▶ [Information]:
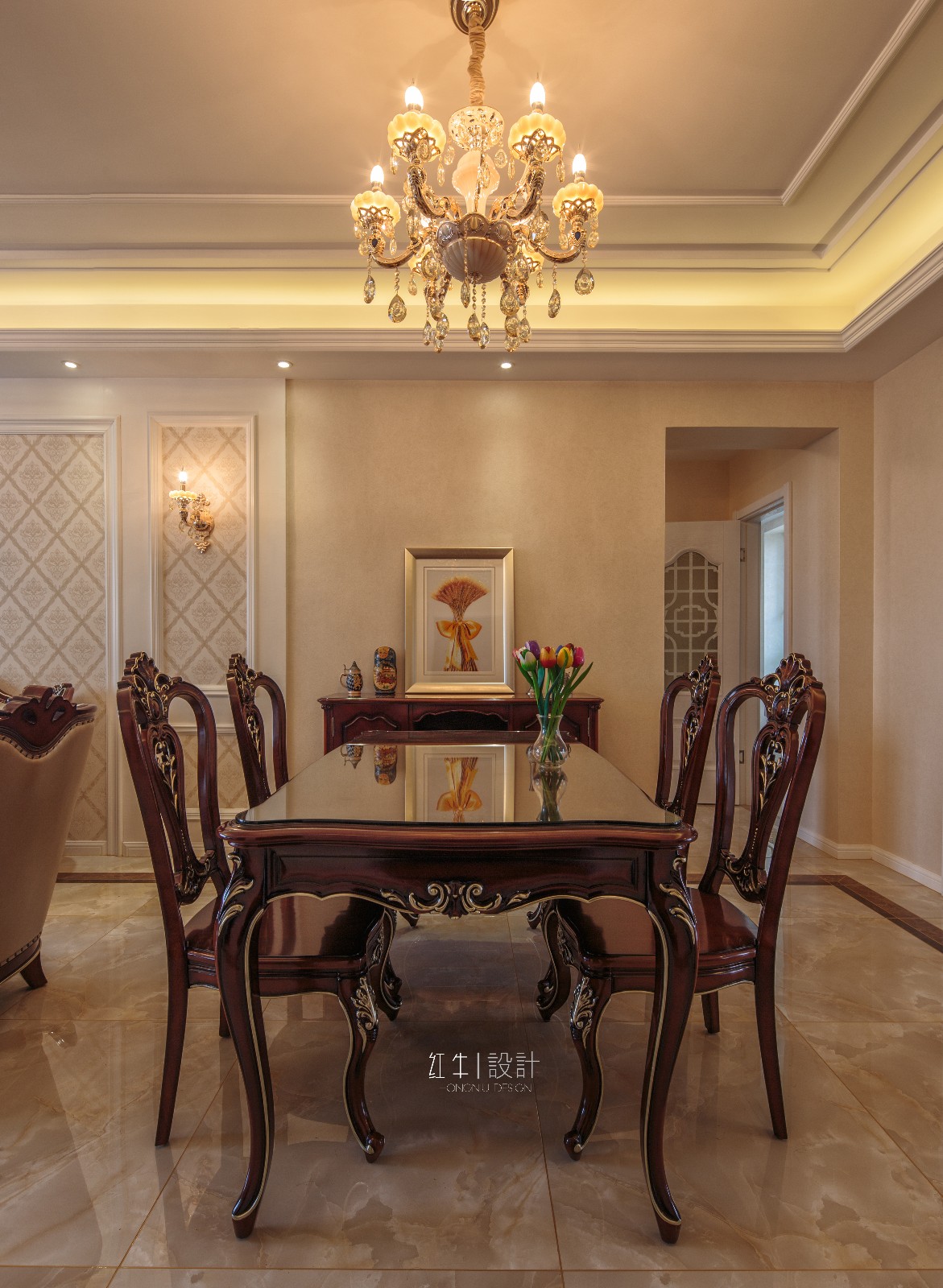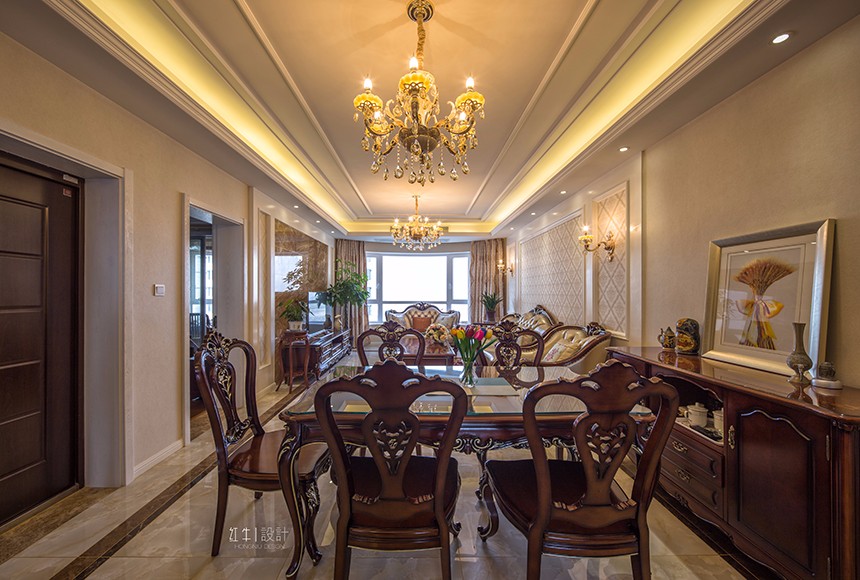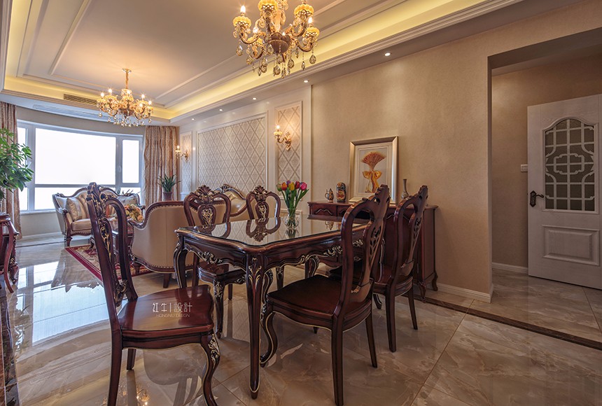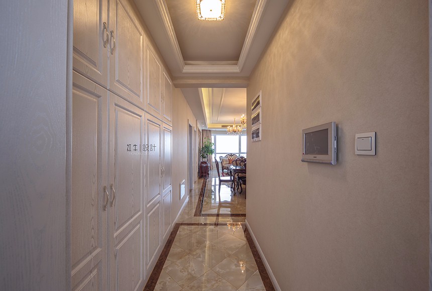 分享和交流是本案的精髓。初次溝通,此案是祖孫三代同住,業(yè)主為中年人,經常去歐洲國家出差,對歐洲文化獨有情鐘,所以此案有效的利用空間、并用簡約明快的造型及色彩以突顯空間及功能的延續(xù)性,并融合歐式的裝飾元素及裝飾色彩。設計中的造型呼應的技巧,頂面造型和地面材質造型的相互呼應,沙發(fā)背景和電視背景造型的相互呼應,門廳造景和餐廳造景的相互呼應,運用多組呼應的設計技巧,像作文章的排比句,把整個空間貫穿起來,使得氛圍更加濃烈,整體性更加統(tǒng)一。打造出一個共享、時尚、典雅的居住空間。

---

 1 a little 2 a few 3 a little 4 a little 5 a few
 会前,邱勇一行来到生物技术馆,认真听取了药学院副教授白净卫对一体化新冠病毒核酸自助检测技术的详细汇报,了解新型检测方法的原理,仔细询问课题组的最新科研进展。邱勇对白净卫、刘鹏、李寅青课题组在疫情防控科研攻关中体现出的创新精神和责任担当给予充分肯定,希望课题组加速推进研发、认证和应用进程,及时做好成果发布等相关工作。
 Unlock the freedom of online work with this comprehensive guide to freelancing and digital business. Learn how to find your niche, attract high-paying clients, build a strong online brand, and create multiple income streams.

▶ [What you will do]:
In the entries above, find the line with "1 a little 2" and the line with "Unlock the freedom", then set down exactly those two and every line between them, nothing else.

▶ [Written response]:
 1 a little 2 a few 3 a little 4 a little 5 a few
 会前,邱勇一行来到生物技术馆,认真听取了药学院副教授白净卫对一体化新冠病毒核酸自助检测技术的详细汇报,了解新型检测方法的原理,仔细询问课题组的最新科研进展。邱勇对白净卫、刘鹏、李寅青课题组在疫情防控科研攻关中体现出的创新精神和责任担当给予充分肯定,希望课题组加速推进研发、认证和应用进程,及时做好成果发布等相关工作。
 Unlock the freedom of online work with this comprehensive guide to freelancing and digital business. Learn how to find your niche, attract high-paying clients, build a strong online brand, and create multiple income streams.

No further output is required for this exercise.